Category Archives: Homeschool

Learning at home with a second-grader and a fifth-grader.

This week in homeschooling: Bears, burgers and ballet

Twelve little bears in two straight lines

Reading

“Anne of Green Gables” got slightly more interesting this week, what with Anne Scandalously Putting Flowers on Her Hat and the Amethyst Brooch Mystery. I’m still not enjoying it all that much, but the kids are into now so onward we go.

Poppy finished Alexander McCall Smith’s “The Great Cake Mystery,” an “Arthur” book and Ursula Le Guin’s “Catwings” and “Catwings Return” this week. She said she liked “Cake” because the protagonist “figured out the whole thing all by herself.” Girl power! She was flying through her solo-reading books so quickly that I was worried she wasn’t actually reading them, so she’s started writing short book reports when she finishes. You can read her thoughts on “Catwings” and “Arthur and the Cootie-Catcher” on her blog.
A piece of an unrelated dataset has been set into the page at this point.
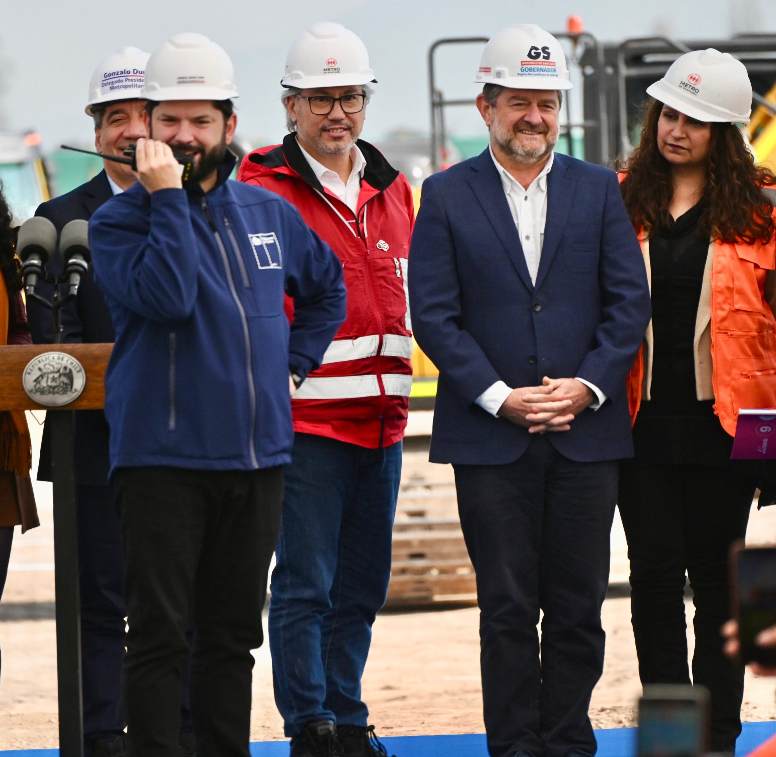 Santiago, agosto 2025.- El Presidente Gabriel Boric, junto al directorio y gerente general de Metro; el ministro de Transporte, Juan Carlos Muñoz; el gobernador de Santiago, Claudio Orrego; el delegado presidencial, Gonzalo Durán; y alcaldes dieron inicio a las obras del del nuevo trazado de Metro de Santiago, que conectará el centro de Santiago con el de Puente Alto, pasando por La Legua, La Pintana y Bajos de Mena.
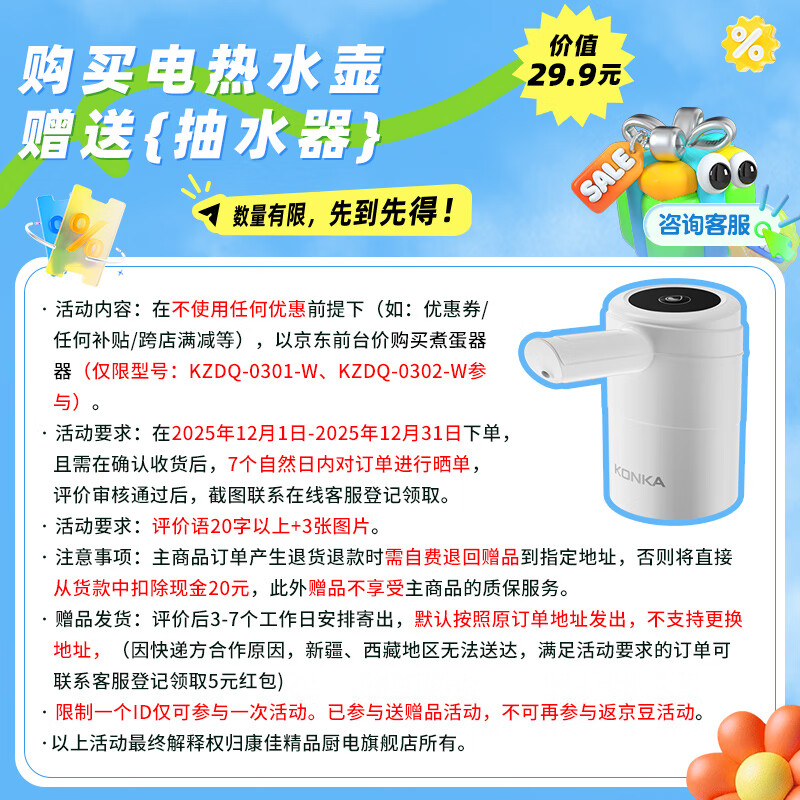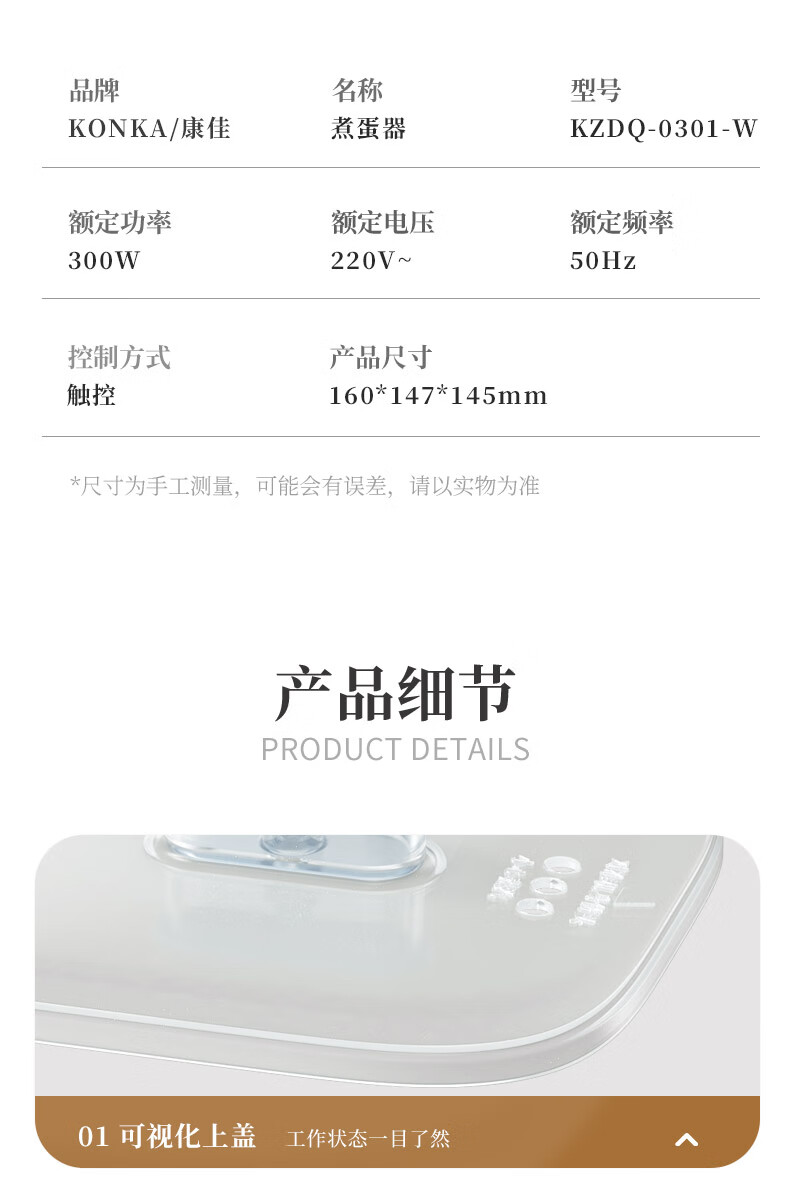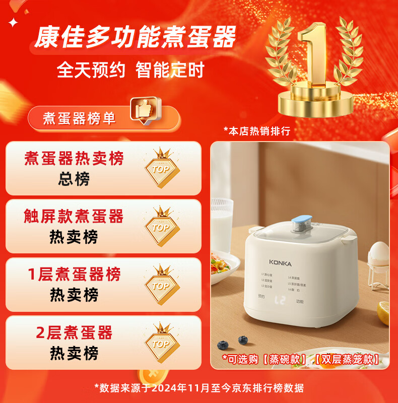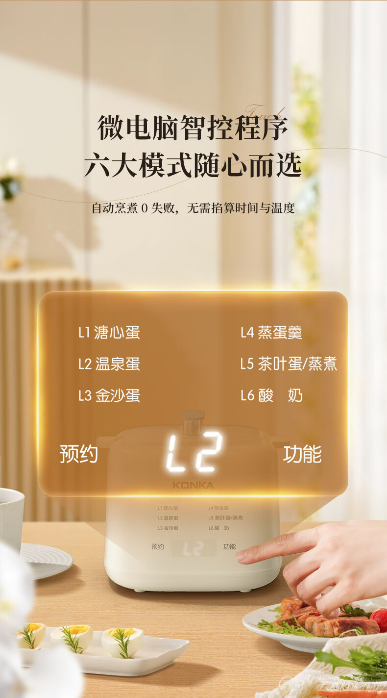 康佳(KONKA)煮蛋器 蒸蛋器迷你小型蒸锅智能定时煮鸡蛋神器多功能早餐一体机自动断电 单层 【升级款】蒸煮多能 | 配送蒸碗

Pete’s “Five in a Row” book this week was “Madeline.” I didn’t think he’d like it all that much, since it’s all about little girls. I’m happy to say I was wrong, though. He loved it!

Math

Pete has been concentrating on learning the days of the week and the months of the year this week. We also spent some time grouping little plastic bears as part of our “Madeline” story. We lined 12 bears up “in two straight lines,” and then he explored different ways to group them. And after that the bears had some sort of bear battle, because that’s the sort of guy Pete is.

My friend Laura asked on the Butterscotch Sundae facebook page whether I had any advice for helping her little guy learn the months of the year. I didn’t have any special tricks or tips, but Angela pointed us to this song on YouTube:

Thanks for sharing that, Angela! The same people also made a Days of the Week song. It looks like a channel worth exploring.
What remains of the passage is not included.